Python for Statistics, Data Analysis, and Data Science#

This guide, intended for beginners and more experienced programmers alike, will help you find a Python setup and build a research workflow that works for you.

For beginner to intermediate programmers, this guide will get you started with a powerful but beginner-friendly Python setup that will support both Python learning and many research needs. If you are a beginner, we recommend that you:

  1. Read the general information on this page to learn what Python is, who this guide is for, and whether it is right for you.

  2. Continue to the Which Setup is Right for Me? page to learn more about Google Colab, our recommendation for beginner users.

  3. Proceed to our guide for getting set up in Google Colab.

  4. (Optional, as needed) See the additional resources section for information on free access (through Tufts) to the online learning platform Udemy for beginner-level tutorials and resources on Python programming. Google Colab can be used for many Jupyter Notebook-based introductory courses/tutorials or as your first setup after completing an introductory course.

For intermediate to advanced programmers: if you intend to use Python for statistics, data analysis, or data science (see Who is this Guide For? below) and you think you may be ready for a more advanced setup, you can skip directly to our setup guide at Which Setup is Right for Me?
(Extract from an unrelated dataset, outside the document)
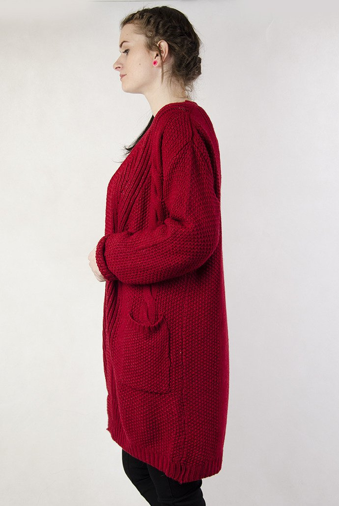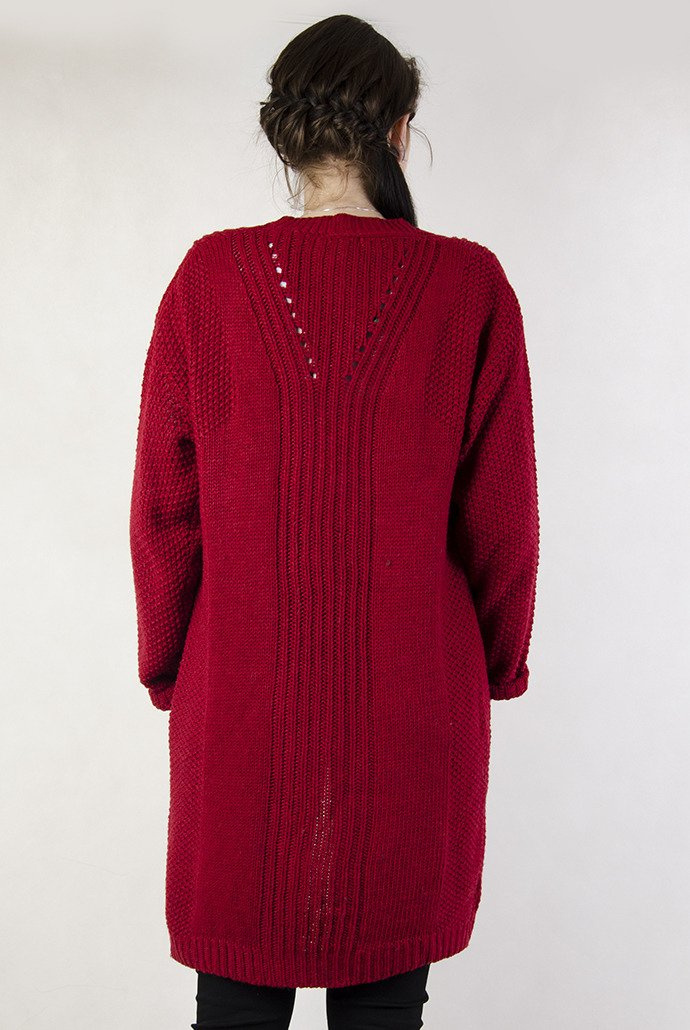 Długi czerwony sweter z kieszeniami

There you can compare our beginner-to-intermediate recommendation (Google Colab) to our more advanced option (Microsoft VS Code with Miniforge) to weigh the pros and cons of each setup, and then follow the links to proceed to the setup instructions for whichever option you choose.

For those using the Tufts High-Performance Computing (HPC) Cluster, the Which Setup is Right for Me? page will also provide recommendations and links to information for how to use Python most effectively on the HPC.

There are many useful textbooks and tutorials on Python, but we find that it can still be daunting to sort through the many setups and find one that works for you and your research. This guide intends to fill that gap.

Read on to learn more about Python and whether it might be right for you.

What is Python?#

Python is a powerful, open-source programming language that can be used for statistics, machine learning, data visualization, and many other research tasks. It is a particularly strong choice for researchers who want access to cutting-edge tools for advanced data science, including packages for machine learning, artificial intelligence, and natural language processing. Best of all, it’s free, and can be used by anyone anywhere without worrying about licensing agreements or use restrictions.

Who is this Guide For?#

Python is a general purpose programming language, which means it’s useful not just for academic researchers and data scientists, but also for software developers and other professions as well. This guide, however, is intended specifically for those planning to use Python for:

  • Statistics

  • Data Analysis

  • Data Visualization

  • Data Science

  • Machine Learning

  • AI

  • Natural Language Processing

Those who wish to use Python for other purposes (such as software or application development) may wish to consult other sources.

Is Python Right for Me?#

If you are planning to use Python, be advised that it does have a bit of a learning curve. Be prepared to invest a bit more time learning how to set up and use it.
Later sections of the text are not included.